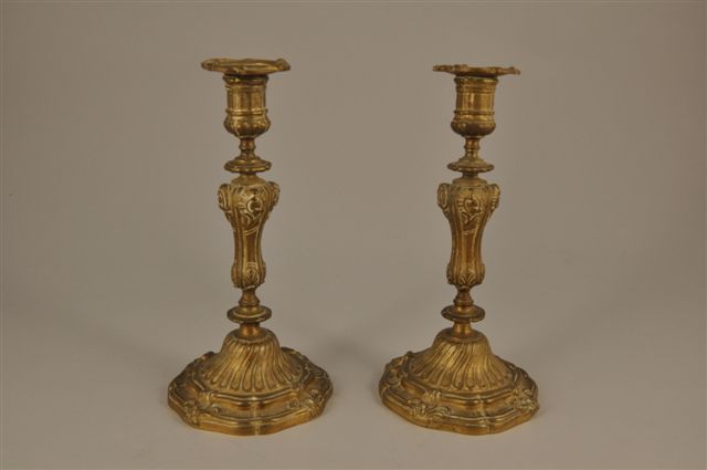 PAIRE de FLAMBEAUX en bronze doré. Le pied circulaire à contours et moulures, en relief, orné de quatre agrafes ciselées de feuilles d'acanthe, l'ombilic creusé de cannelures alternées et spiralées, sous un renflement en forme de bouton, surmonté du fût balustre à pans et côtes, appliqué de feuillage et décor Rocaille, le binet cylindrique cintré à décor de godrons et filets. Style Louis XV. Haut. 25 cm.
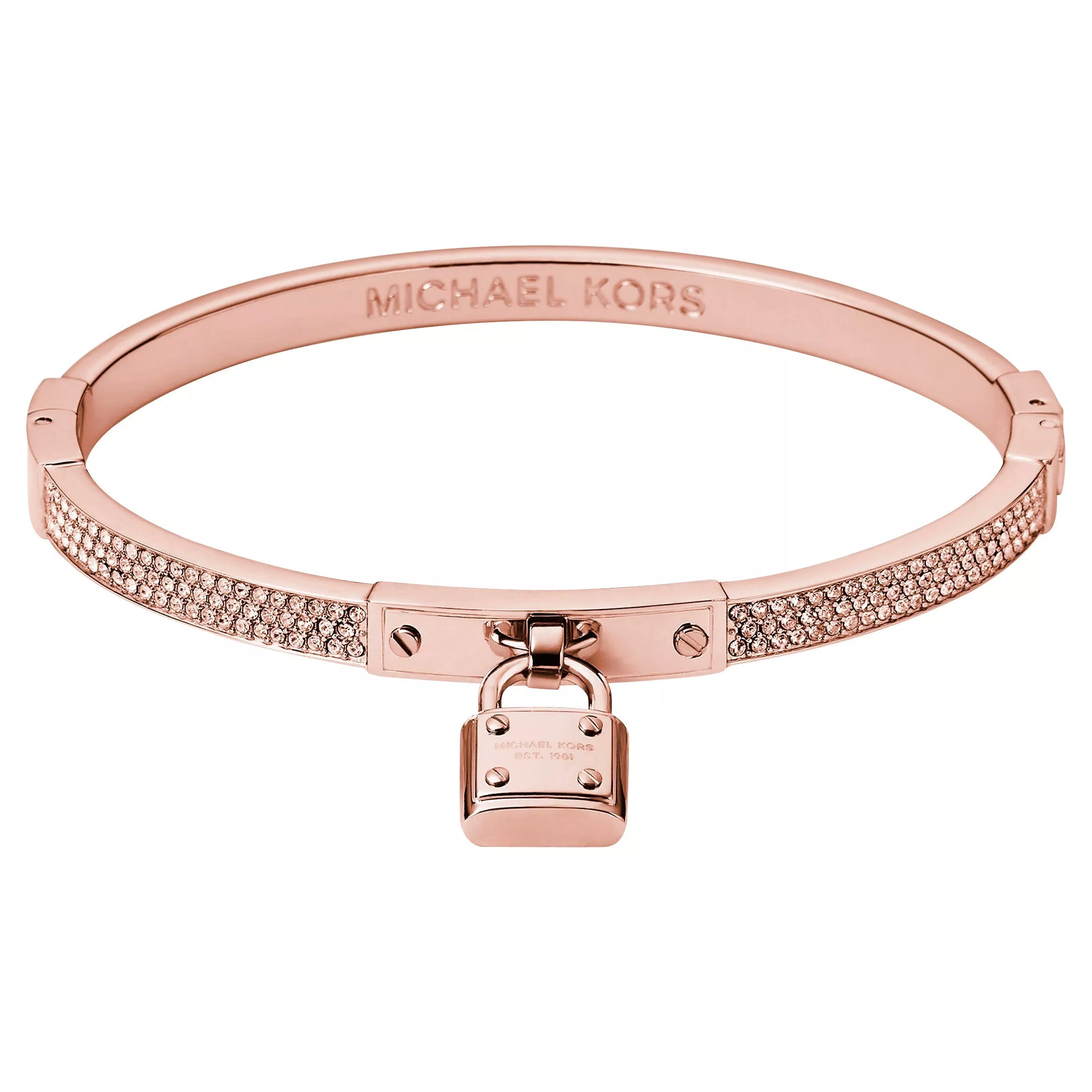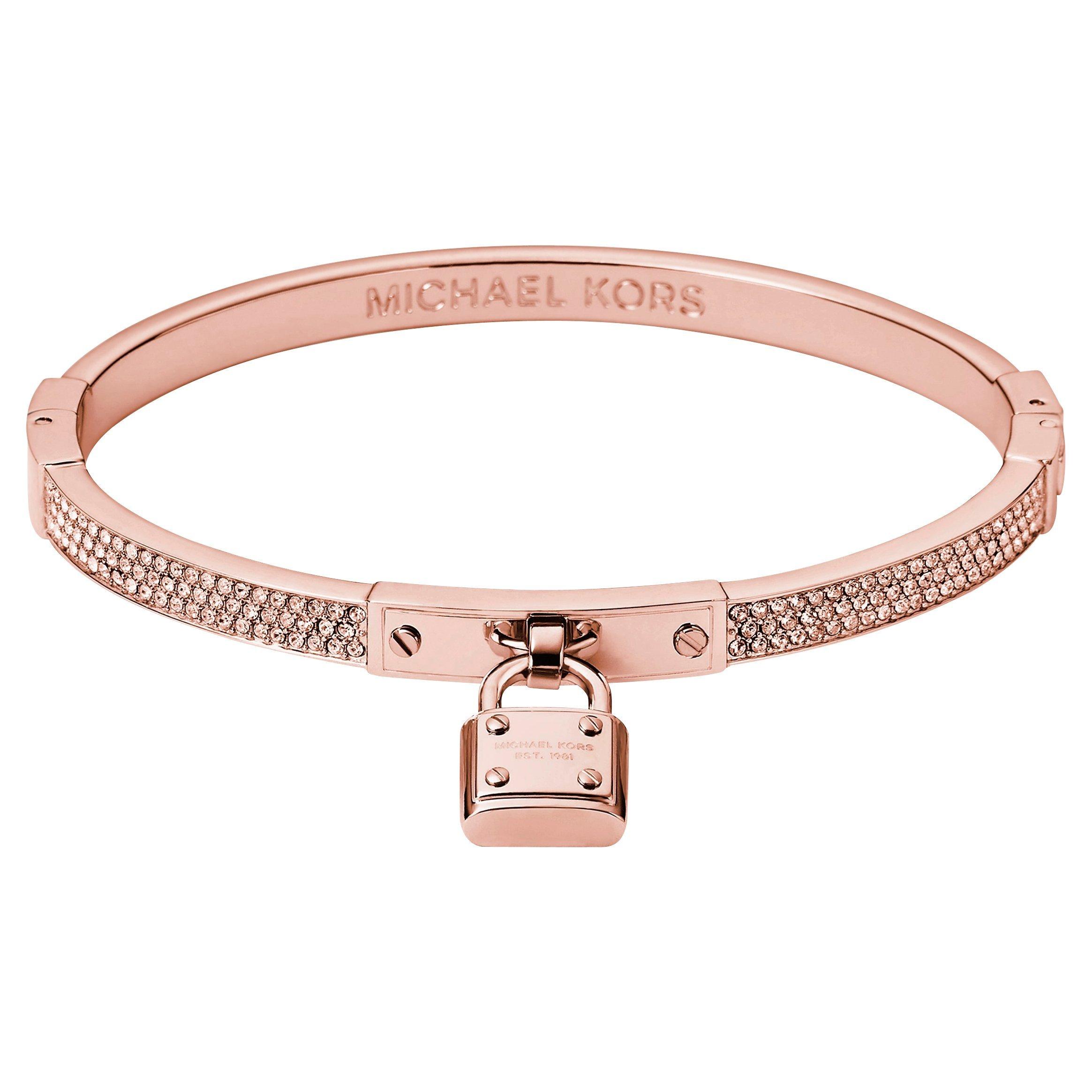 A hinged bangle from Michael Kors, finished in a luscious coating of rose gold. Set with sparkling pave glass crystals, the bangle sports a padlock detail at the front.
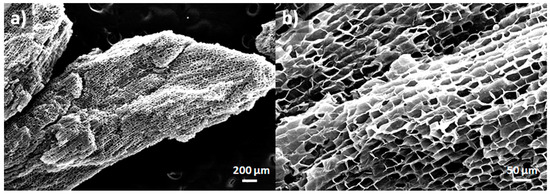 Scanning electron microscope (SEM) micrographs at two different magnifications (a,b) showing the microstructure of the cork granules.

┄┄┄┄┄┄┄┄┄┄┄┄┄┄┄┄┄┄┄┄

§ What this task involves:
With every picture left out, print exactly the lines from the one containing "A hinged bangle" through the final line of the material above.

§ Expected output:
 A hinged bangle from Michael Kors, finished in a luscious coating of rose gold. Set with sparkling pave glass crystals, the bangle sports a padlock detail at the front.
 Scanning electron microscope (SEM) micrographs at two different magnifications (a,b) showing the microstructure of the cork granules.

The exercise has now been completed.